My deepest wishes and prayers for Gloria and Rich and the entire family.. God Bless

Rich & Lady Bear


----------



## masterofmymeat (Aug 20, 2011)

Sounds like this man and woman are very near and dear to this forum. Sadly, I did not

know him or view his posts of wisdom. With warm regards and deep condolences...embrace the universe Richoso1 and may Gloria receive your loving strength once you do...James


----------



## alelover (Aug 22, 2011)

That's very said. He's a great guy. He was the 1st person that welcomed me when I joined this forum. Our prayers are with him and his family.


----------



## smokey mo (Aug 22, 2011)

Thoughts and prayers for Rich and Gods grace to you Gloria.


----------



## thebarbequeen (Aug 24, 2011)

Love and good thoughts out to one of my very favorite people here at the forum.  Hugs to Gloria and all their family and friends.


----------



## ecto1 (Aug 24, 2011)

Prayers sent..


----------



## chef willie (Aug 24, 2011)

very sad to hear...Rich is a great addition to SMF....my regards and prayers to the family...


----------



## TulsaJeff (Aug 24, 2011)

Prayers continuing to go up for Rich and his family.. this is sad news indeed.  Rich has been a huge asset and blessing to this forum and has helped countless people. Keep your chin up buddy..


----------



## shortend (Aug 24, 2011)

The Vigil continues for Rich here, too. He's truely one of our blessings.


----------



## rdknb (Aug 24, 2011)

Prayers sent and sending more


----------



## forluvofsmoke (Aug 24, 2011)

Ah, man, this truely is a blow of bad news.

Rich was one of the first to help me through a few difficult smokes when I first started pork shoulder and picnic smokes, if I recall. Yeah, he's been here when many of us were in need of tips, advice, or just a few words of wisdom to build or regain our confidence in our own skills. He's poured out his share of recipes and stories of his successes here, as well, providing plenty of inspiration along the way. I haven't met him face to face, but through his posts alone, he seems to enjoy the simpler things in life...the kind of guy after my own heart.

Huge amount of knowledge, and a great friend to have in your corner. I've been following this for 5 or 6 days, and due to personal losses of my own and the prospect of more to follow soon, I really didn't know what to say...

Hold onto your dreams, my friend, and may Gloria, yourself, family and friends be comforted by each other's words and presence through this difficult time. Continued thoughts and prayers going out to all of you.

Your friend, always...

Eric


----------



## smoking gun (Aug 24, 2011)

Thoughts and prayers added for a fellow pepperhead and his family. Rich always gave me great advice and was a great source of help for so many here.


----------



## meateater (Aug 25, 2011)

More prayers sent, your in my thoughts Rich.


----------



## rivet (Sep 22, 2011)

Wow, what a punch in the gut. The news hurts.
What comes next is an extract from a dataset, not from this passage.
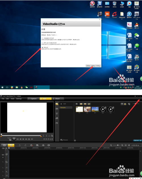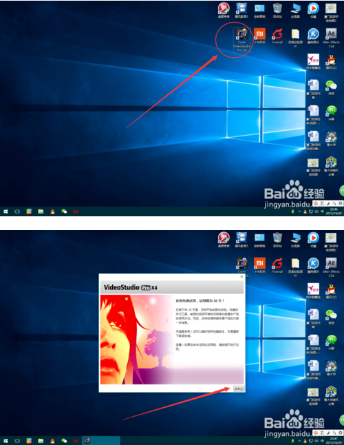 重啟后,雙擊桌面會聲會影.X4的快捷鍵運(yùn)行軟件,雙擊運(yùn)行時,會彈出試用30天的提示,直接點“繼續(xù)”就好。(因為會聲會影.X4只可以試用30天,如果你想永久使用,就得購買,或使用注冊機(jī)破解,在接下來的經(jīng)驗中我也會跟大家分享如何使用注冊機(jī))。
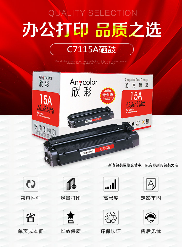 > 办公耗材 复印纸 硒鼓 > 打印耗材 > 硒鼓 > 欣彩(Anycolor)AR-C7115A硒鼓(专业版)15A 适用惠普LaserJet 1000 1005 1200系列 3300 3330 3380MFP| 产品名称 : | 欣彩(Anycolor)AR-C7115A硒鼓(专业版)15A 适用惠普LaserJet 1000 1005 1200系列 3300 3330 3380MFP |

Richoso, hang in there, and best prayers to you, from us. You are definitely A Great One to me, and your kind words and help will always be appreciated and remembered.


----------



## richoso2 (Aug 8, 2013)

Hello everyone, My name is Thomas. Richoso1 is my father. I am profoundly affected by everyones thoughts and prayers here. Yes, my father truly is an inspirational teacher. I just wanted to let everyone know on here that he did pass away. He passed on 09/24/2011. He was surrounded by family all through his final days. He is in pain no longer. I found this forum when I was looking through some of his favorites on his computer after he passed. I came across this forum and was amazed at what I read when people were talking about my father. I want to thank EVERYONE here for their kindness. As I was cleaning out my fathers closet, I came across what I thought were bags of sawdust lol. Gloria told me that it was what dad used for his smoking experiments. I have since started to explore this same venture. Again, just wanted to say thanks to everyone on here for your kind words.

Thanks

Thom


----------



## daveomak (Aug 8, 2013)

Thom, evening and welcome.....    Your father was a good dude and very highly respected, on this forum....   It's good to hear from you and also looking forward to your contributions as well....  We are here to fill in the blanks when it comes to smoking stuff...  

Best regards, Dave


----------



## Bearcarver (Aug 9, 2013)

Welcome Richoso2 !!!

Your Dad was Awesome!!

There were a handful of guys back then that I made sure I didn't miss any of their posts, and he was at the top of that short list !!!

This forum suffered a great loss when we lost him, as I know your whole family did.

Bear


----------



## ecto1 (Aug 9, 2013)

I think bear said it best...we have lost a few members here and it is never easy your dad was a wise man in the ways of smoking meat.


----------



## jirodriguez (Aug 9, 2013)

Thomas  - glad to see you are carring on your fathers legacy of smoking. He was a great guy with a huge heart and some truly great smoking recipes. I always enjoyed reading his posts and he was very helpfull to lots of us as we started smoking.

Hopefully the rest of the family is doing well.


----------



## michael ark (Aug 10, 2013)

Sorry for your loss. Prayers sent.


----------



## oldschoolbbq (Aug 11, 2013)

God bless you , Rich. Our prayers are sent to a very beloved Man and our Hearts open for his lovely Wife and Family.

Keep it Blue for God too.

Stan and Trish


----------



## chefrob (Aug 12, 2013)

thom, yer dad and i had a similar affinity for chilis..........he is still missed by many of us.


----------